A 62-kg boy on a 1.50-kg skateboard moving at +1.2 m/s steps off and lands on the sidewalk with a velocity of +1.1 m/s. How fast is the skateboard moving?
To find the final velocity of the skateboard, we can use the principle of conservation of momentum. According to this principle, the total momentum before an event is equal to the total momentum after the event, as long as no external forces are acting on the system.
The momentum (p) is given by the product of mass (m) and velocity (v). So, we can calculate the momentum of the boy and the skateboard before and after the boy steps off.
Initial momentum of the boy and the skateboard:
\(p_{\text{initial}} = m_{\text{boy}} \times v_{\text{boy}} + m_{\text{skateboard}} \times v_{\text{skateboard}}\)
Final momentum of the boy and the skateboard:
\(p_{\text{final}} = m_{\text{boy}} \times v_{\text{boy}}' + m_{\text{skateboard}} \times v_{\text{skateboard}}'\)
Using the conservation of momentum principle, we can set the initial momentum equal to the final momentum:
\(m_{\text{boy}} \times v_{\text{boy}} + m_{\text{skateboard}} \times v_{\text{skateboard}} = m_{\text{boy}} \times v_{\text{boy}}' + m_{\text{skateboard}} \times v_{\text{skateboard}}'\)

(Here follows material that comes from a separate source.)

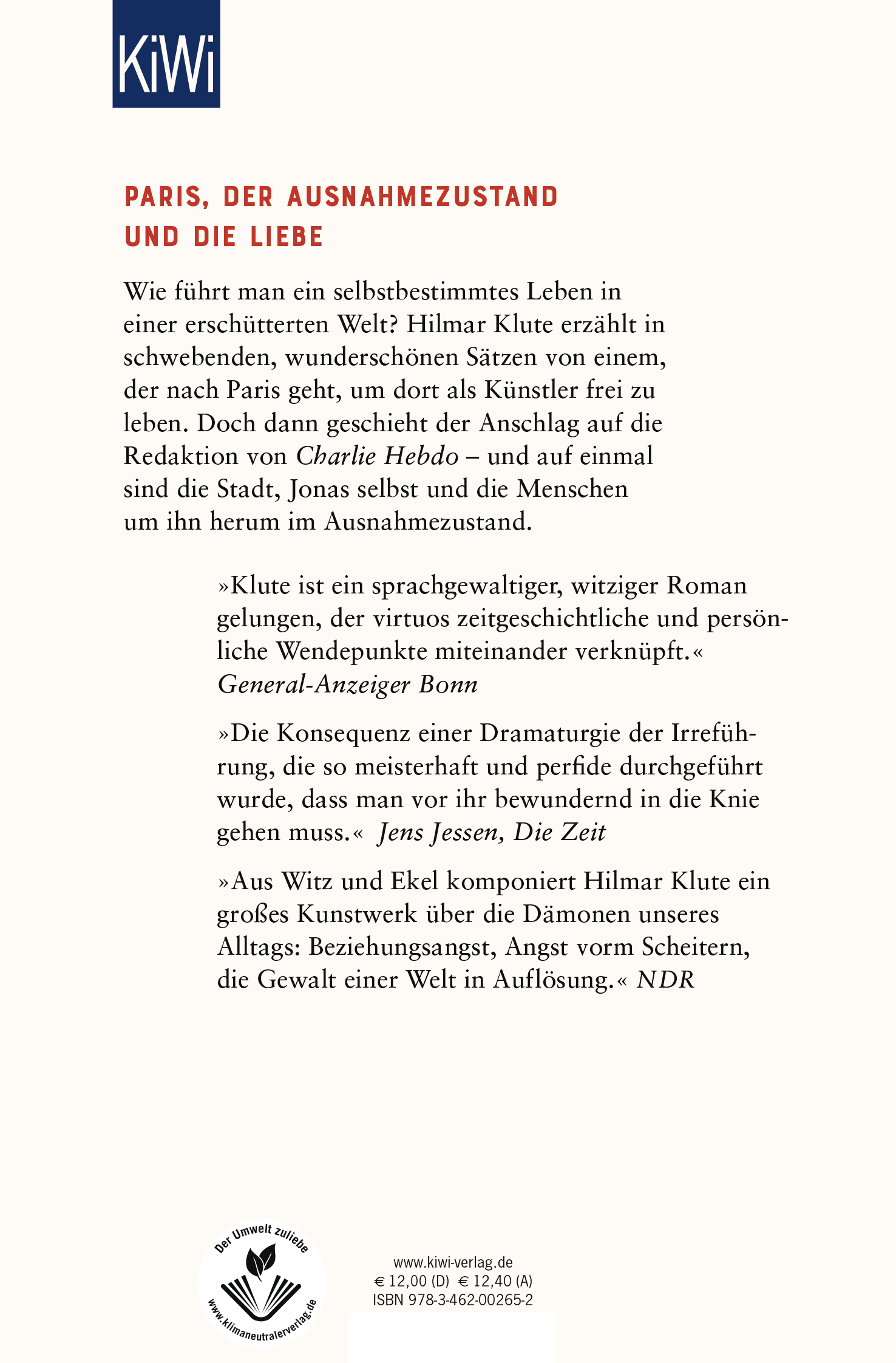 Doch nach dem Attentat auf Charlie Hebdo ist die Stadt plötzlich im Ausnahmezustand und auch bei Jonas droht alle Leichtigkeit zu verfliegen: Ein Brief seiner Ex-Freundin reißt alte Wunden auf, er erfährt vom Tod eines Freundes und auch bei Christine muss er entscheiden, wie ernst er es meint. Als Stein ihn bittet, mit ihm in den USA seinen verschollenen Sohn zu suchen, willigt er ein. Hilmar Klute schickt einen Schöngeist in eine abgründige Welt. In schwebenden Sätzen schreibt er über den Zauber der Literatur und über die Brüchigkeit unserer Existenz.

Now, let's plug in the given values:
Mass of the boy, \(m_{\text{boy}} = 62 \, \text{kg}\)
Initial velocity of the boy, \(v_{\text{boy}} = +1.2 \, \text{m/s}\)
Mass of the skateboard, \(m_{\text{skateboard}} = 1.50 \, \text{kg}\)
Final velocity of the boy, \(v_{\text{boy}}' = +1.1 \, \text{m/s}\)
Let's assume the final velocity of the skateboard is \(v_{\text{skateboard}}'\). Since the boy steps off the skateboard, his final velocity is \(0 \, \text{m/s}\).
Now we can solve the equation:
\(62 \, \text{kg} \times 1.2 \, \text{m/s} + 1.50 \, \text{kg} \times v_{\text{skateboard}} = 62 \, \text{kg} \times 0 \, \text{m/s} + 1.50 \, \text{kg} \times 1.1 \, \text{m/s}\)
Simplifying the equation, we have:
\(74.4 \, \text{kg} \cdot \text{m/s} + 1.50 \, \text{kg} \times v_{\text{skateboard}} = 1.50 \, \text{kg} \times 1.65 \, \text{m/s}\)
Now, we can rearrange the equation to solve for \(v_{\text{skateboard}}\):
\(v_{\text{skateboard}} = \frac{{1.50 \, \text{kg} \times 1.65 \, \text{m/s} - 74.4 \, \text{kg} \cdot \text{m/s}}}{{1.50 \, \text{kg}}}\)
Calculating the expression:
\(v_{\text{skateboard}} \approx 0.6 \, \text{m/s}\)
Therefore, the skateboard is moving at approximately 0.6 m/s.